Your instructions = Return, without pictures, the lines from the start of the data through the one that contains "ステンレス製コンロ奥ラック W66.5 右用".

Data supplied =
------------------------------------------------------------------------

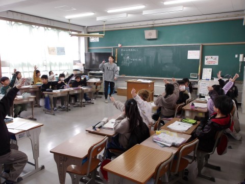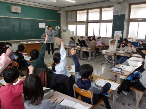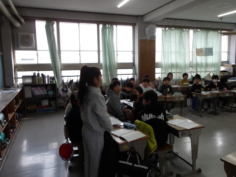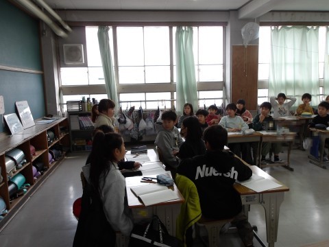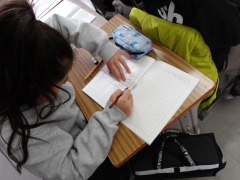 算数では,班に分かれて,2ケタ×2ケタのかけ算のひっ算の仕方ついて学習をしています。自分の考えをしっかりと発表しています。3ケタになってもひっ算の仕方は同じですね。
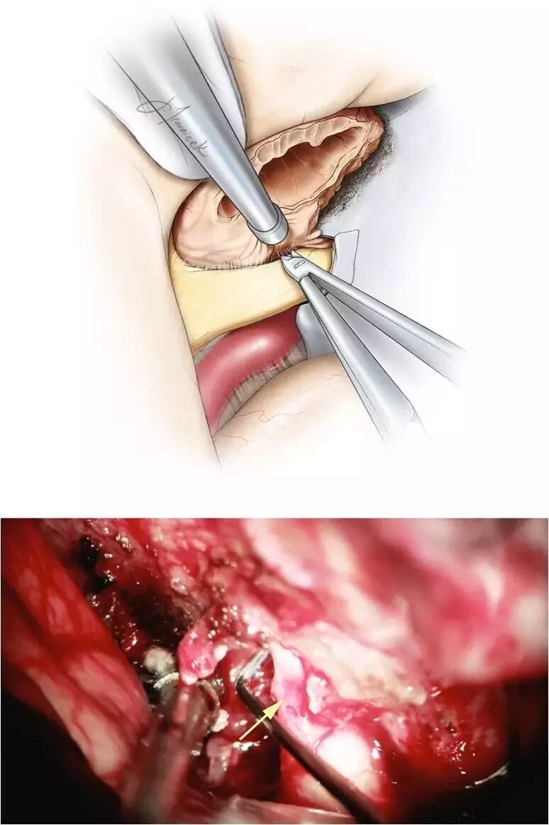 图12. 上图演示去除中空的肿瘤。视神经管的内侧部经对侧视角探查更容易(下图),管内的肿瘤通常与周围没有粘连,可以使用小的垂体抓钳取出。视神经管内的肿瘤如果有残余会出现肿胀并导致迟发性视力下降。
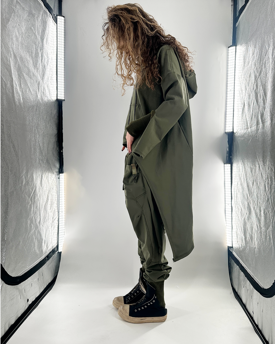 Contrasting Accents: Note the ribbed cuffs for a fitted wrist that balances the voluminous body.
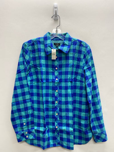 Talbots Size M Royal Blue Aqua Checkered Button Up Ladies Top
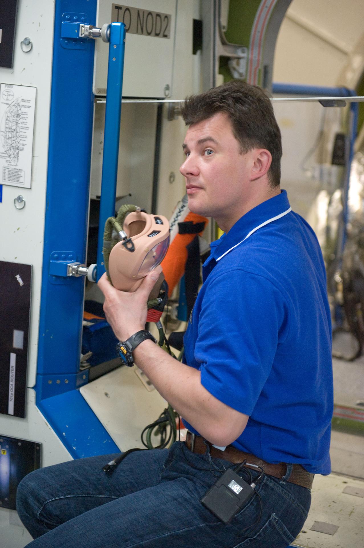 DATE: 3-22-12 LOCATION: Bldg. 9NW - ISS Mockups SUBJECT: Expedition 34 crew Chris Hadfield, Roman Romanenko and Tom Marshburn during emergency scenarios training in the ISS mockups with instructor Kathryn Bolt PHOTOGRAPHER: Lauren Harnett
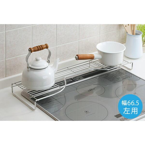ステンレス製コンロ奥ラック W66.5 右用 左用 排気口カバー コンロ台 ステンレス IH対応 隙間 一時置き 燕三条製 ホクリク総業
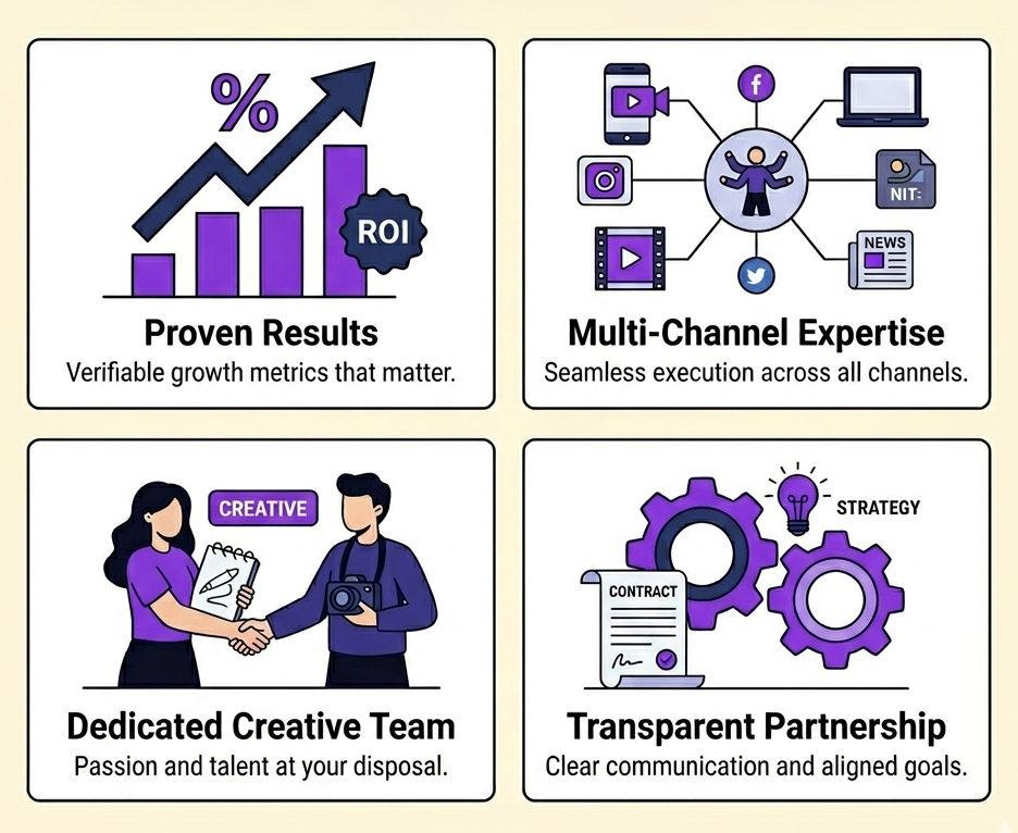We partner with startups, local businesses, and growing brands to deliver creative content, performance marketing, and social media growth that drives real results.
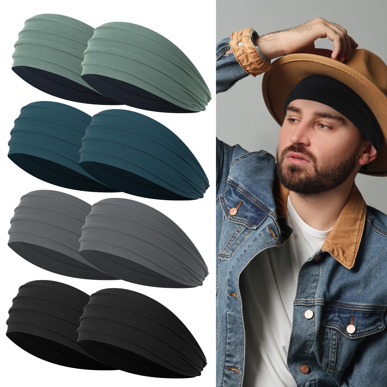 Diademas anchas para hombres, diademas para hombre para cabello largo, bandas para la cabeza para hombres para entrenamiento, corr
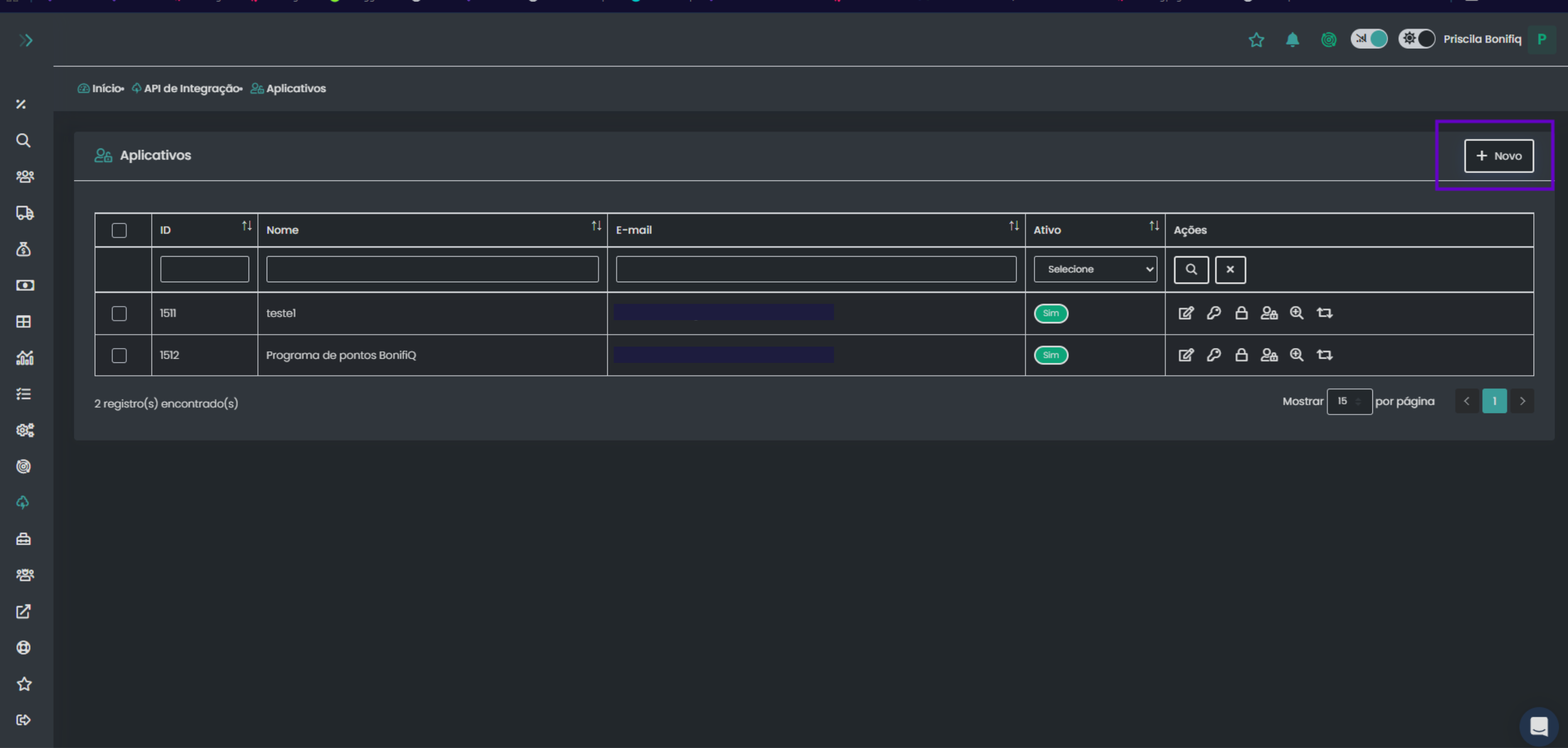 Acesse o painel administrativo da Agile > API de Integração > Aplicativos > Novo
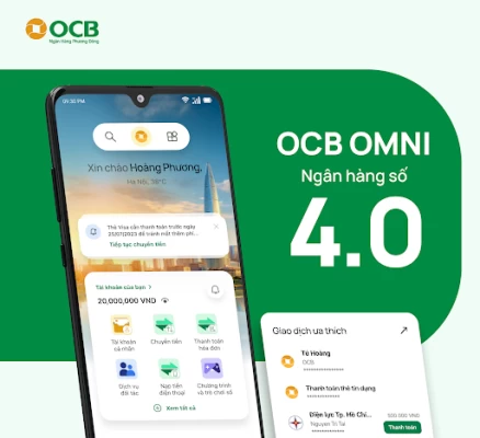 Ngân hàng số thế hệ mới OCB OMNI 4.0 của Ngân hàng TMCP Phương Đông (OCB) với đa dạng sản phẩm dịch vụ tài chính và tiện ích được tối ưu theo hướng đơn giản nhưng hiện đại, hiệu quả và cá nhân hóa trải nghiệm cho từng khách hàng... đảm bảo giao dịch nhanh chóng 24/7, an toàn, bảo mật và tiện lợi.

------------------------------------------------------------------------

Solution to the exercise =
 算数では,班に分かれて,2ケタ×2ケタのかけ算のひっ算の仕方ついて学習をしています。自分の考えをしっかりと発表しています。3ケタになってもひっ算の仕方は同じですね。
 图12. 上图演示去除中空的肿瘤。视神经管的内侧部经对侧视角探查更容易(下图),管内的肿瘤通常与周围没有粘连,可以使用小的垂体抓钳取出。视神经管内的肿瘤如果有残余会出现肿胀并导致迟发性视力下降。
 Contrasting Accents: Note the ribbed cuffs for a fitted wrist that balances the voluminous body.
 Talbots Size M Royal Blue Aqua Checkered Button Up Ladies Top
 DATE: 3-22-12 LOCATION: Bldg. 9NW - ISS Mockups SUBJECT: Expedition 34 crew Chris Hadfield, Roman Romanenko and Tom Marshburn during emergency scenarios training in the ISS mockups with instructor Kathryn Bolt PHOTOGRAPHER: Lauren Harnett
ステンレス製コンロ奥ラック W66.5 右用 左用 排気口カバー コンロ台 ステンレス IH対応 隙間 一時置き 燕三条製 ホクリク総業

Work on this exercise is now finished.